Audio and Speech Signal Processing
Prof. Dr.-Ing. Waldo Nogueira
Organisation
Exercises and labs supervised by:
Prof. Dr.-Ing. Waldo Nogueira
Course Numbers: 36460 (Lecture), 36462 (Exercises/Labs)
Dates (Winter Semester 2016/2017,
preliminary, 4 CP):
Lecture dates (preliminary):
(Raum 1307, Gebaeude 3408: Mehrzweckgebäude) Termine am Fr. 21.10., Fr. 28.10., Fr. 11.11., Fr. 25.11., Fr. 02.12., Fr. 09.12., Fr. 16.12., Fr. 23.12., Fr. 20.01. 09:00-11:00
Excercise dates (preliminary):
(Raum 1307, Gebaeude 3408: Mehrzweckgebäude) Fr. 28.10., Fr. 11.11., Fr. 25.11., Fr. 02.12., Fr. 09.12., Fr. 16.12., Fr. 23.12., Fr. 20.01. 11:00-12:00
(Raum 1122, Gebaeude 3408: Mehrzweckgebäude) Fr. 04.11., Fr. 18.11., Fr. 13.01., Fr. 27.01. 09:00-11:00
Vorläufige Veranstaltungs- und Raumübersicht
Exam:
- Written
- Duration: 60 minutes
Contents
- Introduction
- Fundamentals of speech acoustics: Mechanisms of speech production speech, sound classification, sound representation
- Fundamentals of perception: pitch, intensity and timbre
- Spectral analysis of audio and speech signals
- Speech Models: Physical models of speech
- Fundamentals of speech perception
- Spectral transforms of audio and speech signals
- Models based of speech production: Predictive analysis based on speech production (LPC)

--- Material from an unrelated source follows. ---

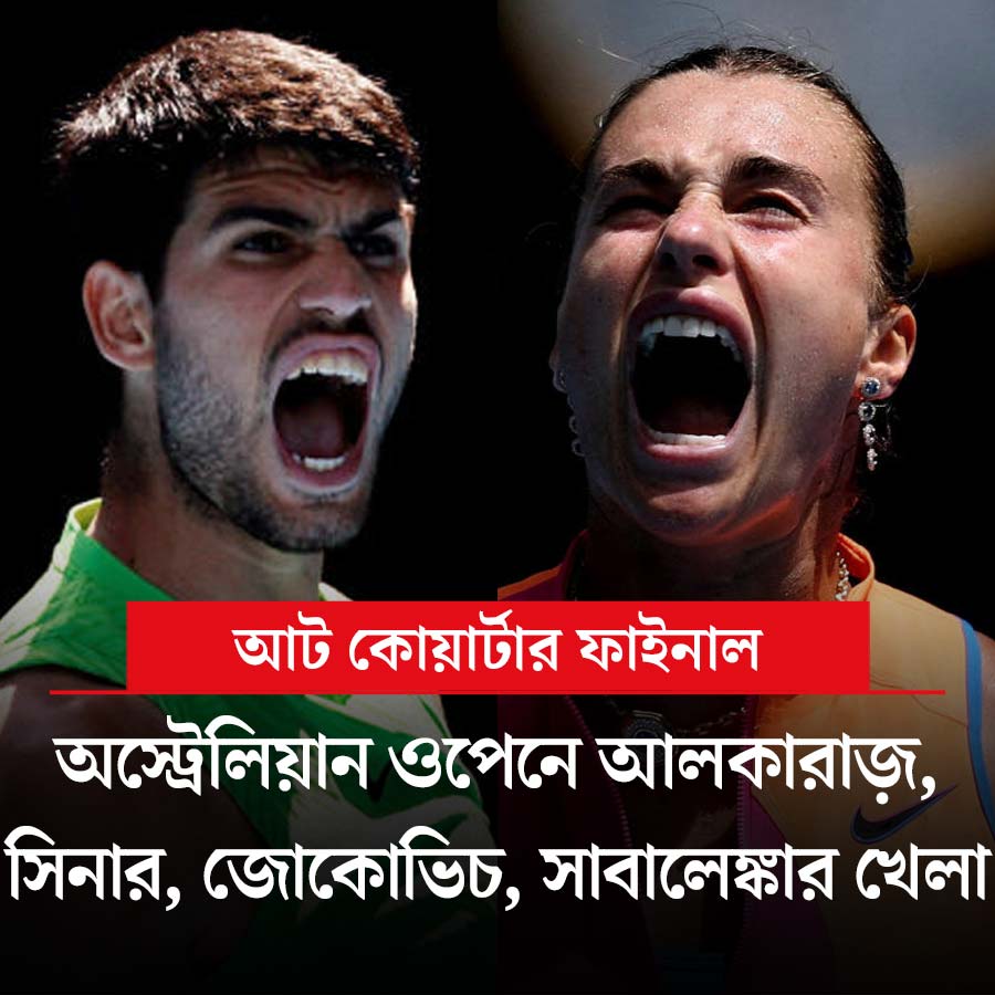 আজ অস্ট্রেলিয়ান ওপেনের চারটি কোয়ার্টার ফাইনাল। খেলবেন শীর্ষ বাছাই কার্লোস আলকারাজ়, দ্বিতীয় বাছাই জানিক সিনার, তৃতীয় বাছাই আলেকজান্ডার জ়েরেভ ও চতুর্থ বাছাই নোভাক জোকোভিচ। আলকারাজ়ের সামনে ষষ্ঠ বাছাই আলেক্স ডিমিনাউর। জোকোভিচের লড়াই পঞ্চম বাছাই লরেঞ্জো মুসেত্তির সঙ্গে। অন্য কোয়ার্টার ফাইনালে জ়েরেভ খেলবেন ২৫ নম্বর বাছাই লার্নার টিয়েনের সঙ্গে। মেয়েদের সিঙ্গলসেও আজ চারটি কোয়ার্টার ফাইনাল। খেলবেন প্রথম ছয় বাছাই। শীর্ষ বাছাই অ্যারিনা সাবালেঙ্কা খেলবেন ২৯ নম্বর বাছাই ইভা জভিচের সঙ্গে। দ্বিতীয় বাছাই ইগা শিয়নটেক মুখোমুখি পঞ্চম বাছাই এলিনা রিবাকিনার। তৃতীয় বাছাই কোকো গফের সামনে দ্বাদশ বাছাই এলিনা স্বিতোলিনা। চতুর্থ বাছাই আমান্ডা আনিসিমোভার লড়াই ষষ্ঠ বাছাই জেসিকা পেগুলার সঙ্গে। খেলা শুরু ভোর ৬টা থেকে। খেলা দেখা যাবো সোনি স্পোর্টস চ্যানেল ও সোনি লিভ অ্যাপে।

- Application 1: Text-to-Speech Synthesis
- Application 2: Automatic Speech Recognition: Cepstrum analysis, Hidden Markov Models
Goals of the Lecture
In this Lecture the students will develop a methodology to analyze code, recognize and synthesize audio signals
using signal processing techniques. More concrete the student should acquire the theoretical and practical competences
related to:
- Fundamentals of acoustics, physiological and perception of sound
- Fundamentals of digital signal processing of audio signals
- Methods for modeling and processing audio and speech signals
Prerequisites
Necessary Prior Knowledge:
Fundamentals of Digital Signal Processing, Probability and Information Theory.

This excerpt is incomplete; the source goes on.